I do like the textural qualities of 30s/40s film noir. I was also influenced by early surrealist photography. There must be a whole complex of subtle influences and inspirations behind these works but I find it hard to identify in any clear way what they are. When I recently met with Matt he said he had re-watched them all again and liked that they were so weird and unapologetic and also felt that they seemed a bit Lynchean.
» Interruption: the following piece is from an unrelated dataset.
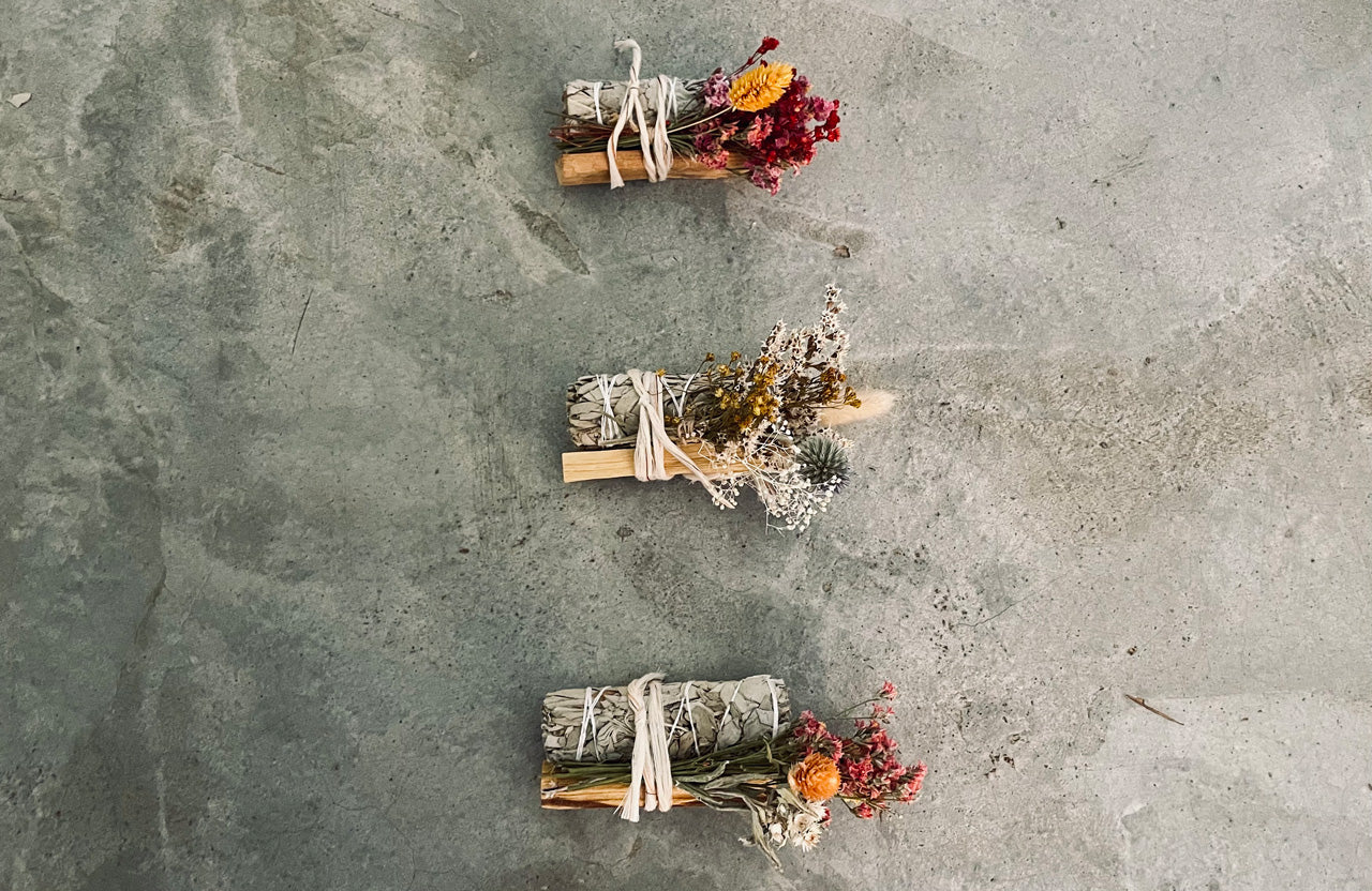 Petit bouquet de fleurs séchées, sauge et bois de palo santo à faire bruler pour se sentir zen...

What do you hope for in your films?

After we’d finished, I had no particular idea of what I was going to do with the films apart from put them on Instagram. Normally I’m busy working on stage productions but in late June we were still in lockdown and that was not an option. I eventually started looking around at film festivals and discovered FilmFreeway. In due course, I started sending them out, one or two, here and there, and soon discovered that the best chances of getting them accepted was to focus mainly on festivals that have a super short or micro film category. They’ve now variously been shown at 35 film festivals in 18 countries, and the most successful of them, ‘Premium’, has been a category winner three times. I guess, for me, the important thing about this whole project is the way it’s opened up the possibility of working in film and putting stuff out digitally as a parallel to my other artistic activities. I’m now interested in seeing how my drama writing can work within a film context, maybe creating pieces that have both a live outcome and a digital/filmic outcome. So, it slightly changes the way I might conceive future projects. I have a monologue project with the working title ONESIES that I’m planning to develop in this way.

‘Les Coffrets’ is showing at 3.30pm on the 23rd of April at St Mary in the Castle as part of Hastings International Film Festival.